= Exercise objective =
Without the pictures, return each record as it appears.

Dataset items
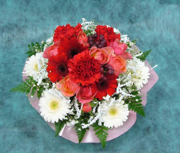 ハートのアレンジはコントラストの強い組み合わせじゃないとハートに見えないので(^-^;)、ハート部分の色は、赤以外に濃い目のピンクなら製作可能です。(赤+濃いピンクも可能)お花の種類は入荷状況により異なりますので当店にお任せ下さいね。
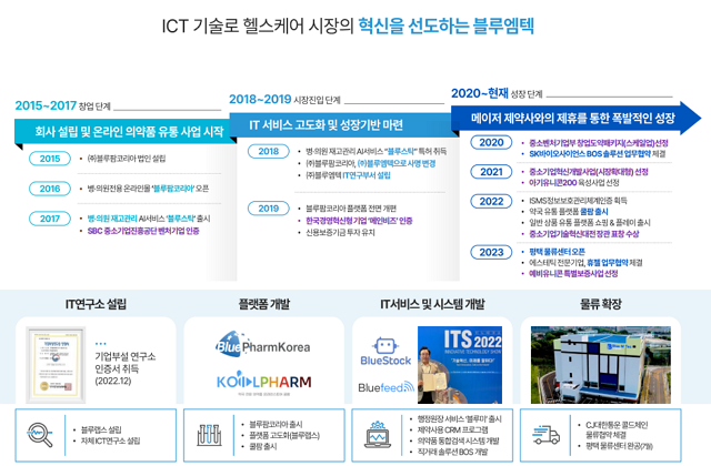 한편, 블루엠텍은 이번 IPO를 통해 확보한 공모자금을 통해 플랫폼 서비스 고도화, 해외진출, 물류센터 설비 고도화 등에 활용하여 외형성장을 도모할 예정이라고 합니다. 블루엠텍은 의약품 유통업계의 선두주자로 알려져 있는데요. 디지털 기반의 의약품 유통업 단일화 서비스를 제공하며 국내 의약품 유통 시장을 공략하고 있습니다.
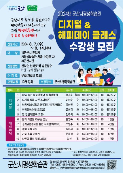 [군산=뉴전북] 군산시 평생학습관에서는 오는 8월 19일부터 9월 13일까지 타지역에서 군산시로 전입하거나 평생학습을 처음 배우는 시민 대상으로 디지털 평생학습 및 해피데이 클래스 10개 강좌를 운영한다고 밝혔다.
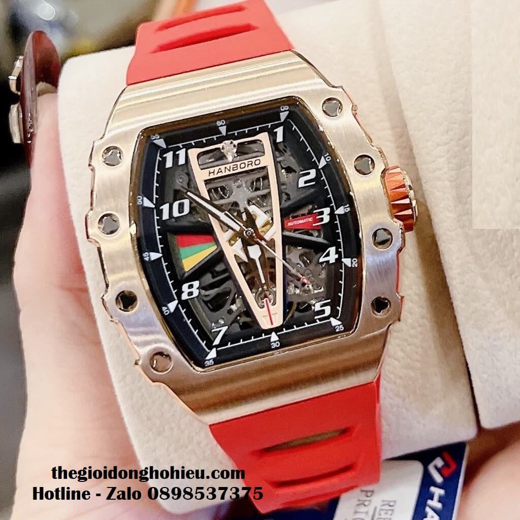 Đồng Hồ Hanboro Nam Tự Động Dây Silicone Đỏ Vỏ Rose 40x48mm 983
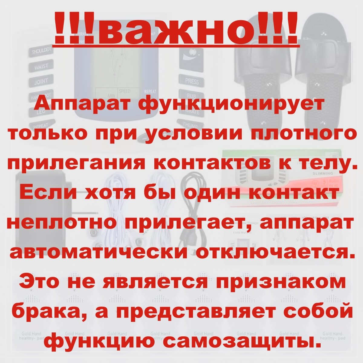| Комплектация | мио стимулятор - 1шт. блок питания - 1 шт. электрод/липучка - 16шт. перчатки 1 пара. тапочки 1 пара. |

= Exercise solution =
 ハートのアレンジはコントラストの強い組み合わせじゃないとハートに見えないので(^-^;)、ハート部分の色は、赤以外に濃い目のピンクなら製作可能です。(赤+濃いピンクも可能)お花の種類は入荷状況により異なりますので当店にお任せ下さいね。
 한편, 블루엠텍은 이번 IPO를 통해 확보한 공모자금을 통해 플랫폼 서비스 고도화, 해외진출, 물류센터 설비 고도화 등에 활용하여 외형성장을 도모할 예정이라고 합니다. 블루엠텍은 의약품 유통업계의 선두주자로 알려져 있는데요. 디지털 기반의 의약품 유통업 단일화 서비스를 제공하며 국내 의약품 유통 시장을 공략하고 있습니다.
 [군산=뉴전북] 군산시 평생학습관에서는 오는 8월 19일부터 9월 13일까지 타지역에서 군산시로 전입하거나 평생학습을 처음 배우는 시민 대상으로 디지털 평생학습 및 해피데이 클래스 10개 강좌를 운영한다고 밝혔다.
 Đồng Hồ Hanboro Nam Tự Động Dây Silicone Đỏ Vỏ Rose 40x48mm 983
| Комплектация | мио стимулятор - 1шт. блок питания - 1 шт. электрод/липучка - 16шт. перчатки 1 пара. тапочки 1 пара. |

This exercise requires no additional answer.